*** Data under study Section Begins ***

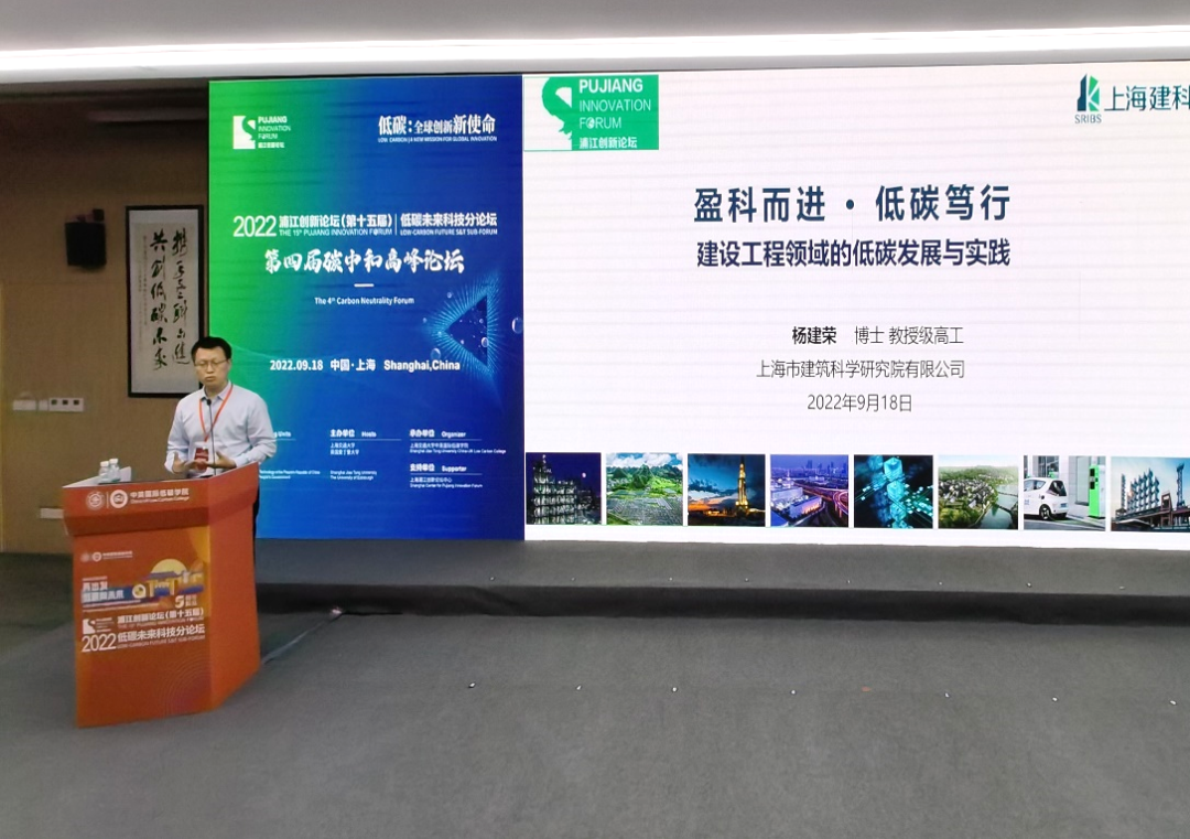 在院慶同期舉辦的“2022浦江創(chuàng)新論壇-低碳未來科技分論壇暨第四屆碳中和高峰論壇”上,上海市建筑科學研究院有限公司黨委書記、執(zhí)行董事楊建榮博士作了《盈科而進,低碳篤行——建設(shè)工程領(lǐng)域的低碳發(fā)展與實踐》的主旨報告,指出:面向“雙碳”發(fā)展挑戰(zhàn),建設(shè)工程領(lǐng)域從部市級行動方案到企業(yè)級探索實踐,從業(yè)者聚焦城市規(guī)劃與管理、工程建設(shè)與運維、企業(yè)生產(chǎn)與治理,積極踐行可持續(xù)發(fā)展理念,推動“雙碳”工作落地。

*** Data under study Section Ends ***
*** Data under study Section Begins ***

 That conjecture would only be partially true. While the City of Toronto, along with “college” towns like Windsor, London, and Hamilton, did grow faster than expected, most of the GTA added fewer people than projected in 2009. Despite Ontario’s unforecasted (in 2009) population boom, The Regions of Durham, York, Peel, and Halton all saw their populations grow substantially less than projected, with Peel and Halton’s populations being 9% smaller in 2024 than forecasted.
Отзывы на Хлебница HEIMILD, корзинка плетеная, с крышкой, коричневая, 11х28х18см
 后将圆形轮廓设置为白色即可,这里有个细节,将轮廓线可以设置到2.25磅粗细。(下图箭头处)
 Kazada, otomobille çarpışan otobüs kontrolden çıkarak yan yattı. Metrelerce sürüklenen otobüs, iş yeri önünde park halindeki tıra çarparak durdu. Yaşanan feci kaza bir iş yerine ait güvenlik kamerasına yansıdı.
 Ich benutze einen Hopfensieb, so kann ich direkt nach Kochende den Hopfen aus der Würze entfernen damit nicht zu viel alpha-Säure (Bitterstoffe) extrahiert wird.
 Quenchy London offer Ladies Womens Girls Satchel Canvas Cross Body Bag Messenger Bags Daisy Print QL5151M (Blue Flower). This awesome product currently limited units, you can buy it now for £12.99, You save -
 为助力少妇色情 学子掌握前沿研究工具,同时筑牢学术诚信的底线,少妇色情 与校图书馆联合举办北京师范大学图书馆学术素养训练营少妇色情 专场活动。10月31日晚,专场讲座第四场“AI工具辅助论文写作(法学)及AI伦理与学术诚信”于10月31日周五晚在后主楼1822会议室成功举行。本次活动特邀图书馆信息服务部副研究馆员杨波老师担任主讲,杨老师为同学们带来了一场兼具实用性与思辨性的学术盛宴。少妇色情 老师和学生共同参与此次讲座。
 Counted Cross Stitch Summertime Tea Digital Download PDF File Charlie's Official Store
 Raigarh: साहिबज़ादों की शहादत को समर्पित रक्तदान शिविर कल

*** Data under study Section Ends ***

Pick from the records each line that contains the word "Cross" and show it.

» Response to this task
 Quenchy London offer Ladies Womens Girls Satchel Canvas Cross Body Bag Messenger Bags Daisy Print QL5151M (Blue Flower). This awesome product currently limited units, you can buy it now for £12.99, You save -
 Counted Cross Stitch Summertime Tea Digital Download PDF File Charlie's Official Store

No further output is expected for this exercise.